May 4, 2026 IET reuse_efuncs drill-down:

  • The expensive IET buckets in heavy_IO (make_parallel, place_definitions, _place_transfers, lower_async_objs, and process) are mostly paying common Graph.apply post-processing cost rather than pass body cost. A temporary graph-phase profile showed:

    • Graph.apply total: about 7.33 s across 25 calls;
    • reuse_efuncs: about 3.93 s across 5 calls;
    • pass bodies: about 2.17 s;
    • update_args: about 0.85 s.
  • Inside reuse_efuncs, the hot path is abstraction/signature generation:

    • before the new signature cache: reuse_efuncs ~3.93 s, abstract_efunc ~1.91 s, _signature ~1.75 s;
    • with IET Node._signature() memoized per node: reuse_efuncs drops to about 3.62-3.69 s, and _signature drops to about 1.41-1.44 s.
  • The tested signature-cache patch was deliberately narrow: IET Node overrode _signature() with @memoized_meth and delegated to Signer._signature(), caching the SHA1 signature on the immutable-ish IET node instance without caching the full CIR string.

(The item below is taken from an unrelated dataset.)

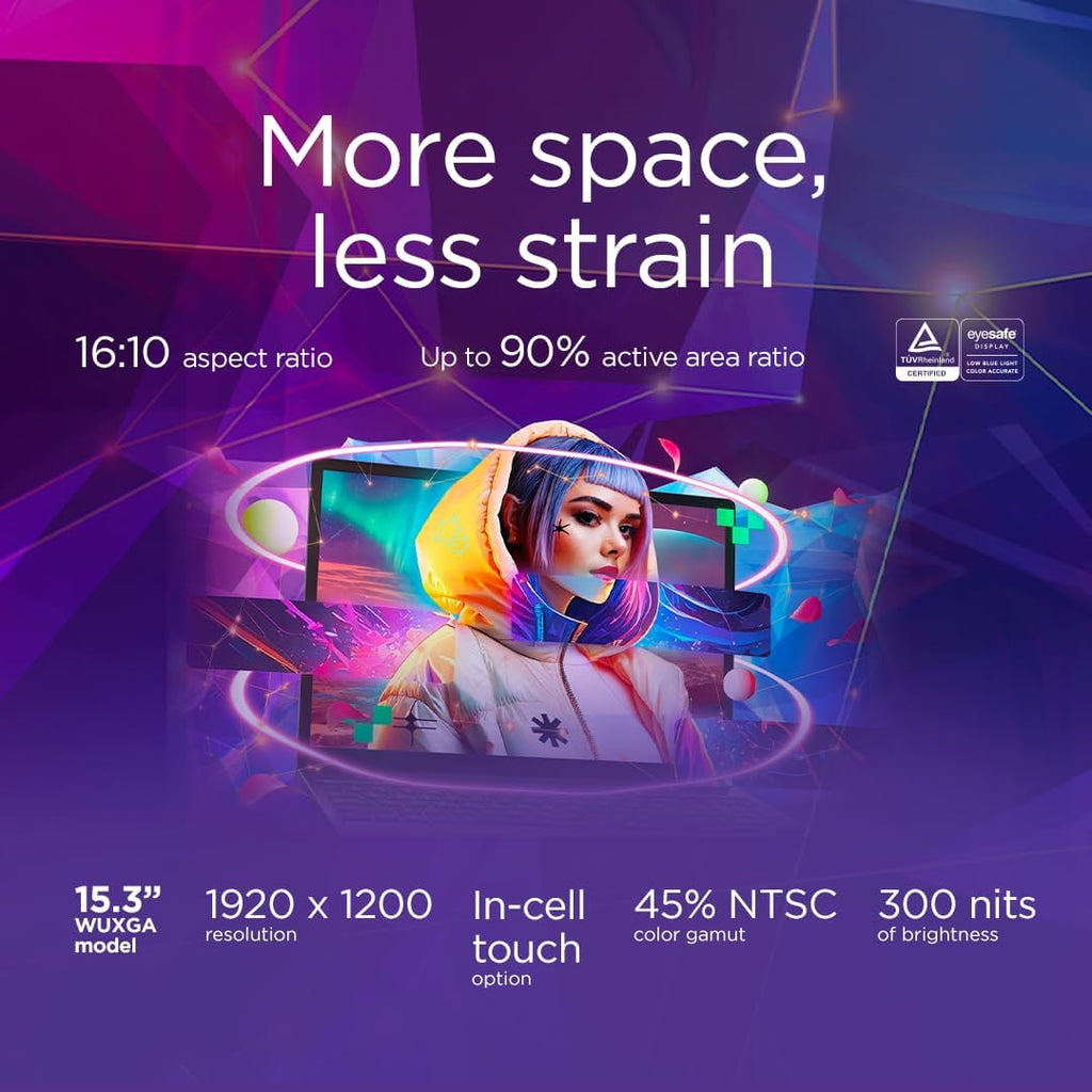 • Explore stunning visuals with the IdeaPad Slim 5i’s 14" WUXGA display; Its 90% active area ratio maximizes viewing, while up to 100% DCI-P3 color gamut ensures photo-realistic colors

  • Direct multiplicity check on heavy_IO showed why the patch is not a meaningful end-to-end win:

    • _signature() calls: 180;
    • unique IET nodes: 150;
    • repeated calls on the same node: only 30;
    • call histogram: 121 nodes called once, 28 nodes called twice, 1 node called three times.
  • The remaining abstract_efunc body cost is still substantial. A temporary body-level profile of heavy_IO showed about 150 misses and 30 hits across the five reuse_efuncs calls. Miss cost split roughly as:

    • Uxreplace: 0.63 s;
    • abstract_objects: 0.63 s;
    • FindSymbols('basics|symbolics|dimensions'): 0.23 s.
  • Dropped variants:

    • IET Node._signature() memoization was dropped after the multiplicity check. There are not enough repeated calls on the same node to justify even this small cache as a production change;
    • filtering identity mappings out of abstract_objects was slower in practice; abstract_objects increased from about 0.63 s to about 1.62 s in the instrumented run, because rebuilding the mapper dominated;
    • returning raw CIR from IET Node._signature() instead of the SHA1 digest was also rejected. It retains large strings and made the instrumented profile noisier/worse, without a clear wall-time win.
  • Validation and benchmark signal from the rejected signature-cache patch:

    • targeted OSS IET/visitor tests still pass: /app/devitopro/submodules/devito/tests/test_iet.py and /app/devitopro/submodules/devito/tests/test_visitors.py (42 passed);
    • the earlier heavy 22.25 s combined-run sample was confirmed noisy and should be ignored.
  • May 4 rerun, three combined invocations before and after the signature-cache patch, same setup (devitopro-cuda:latest, GPU 3, taskset 0-15):

    • without signature cache: stress-only 10.02/10.03/10.00 s (avg 10.02 s), heavy 21.29/21.27/21.27 s (avg 21.28 s), heavy_IO 24.80/24.66/24.63 s (avg 24.70 s);
    • with signature cache: stress-only 10.02/10.03/9.98 s (avg 10.01 s), heavy 21.36/21.40/21.29 s (avg 21.35 s), heavy_IO 24.55/24.49/24.37 s (avg 24.47 s).
  • Interpretation: memoizing IET node signatures is not worth keeping. The end-to-end signal is neutral for stress-only, neutral/slightly negative for heavy, and only mildly positive for heavy_IO (~0.23 s). The direct multiplicity check shows the cache surface is tiny: only 30/180 calls are repeated on the same node. The next meaningful IET win is unlikely to come from the individual pass bodies. It would need to reduce repeated abstract_efunc misses, likely by making reuse_efuncs more incremental/cache-aware across successive Graph.apply calls.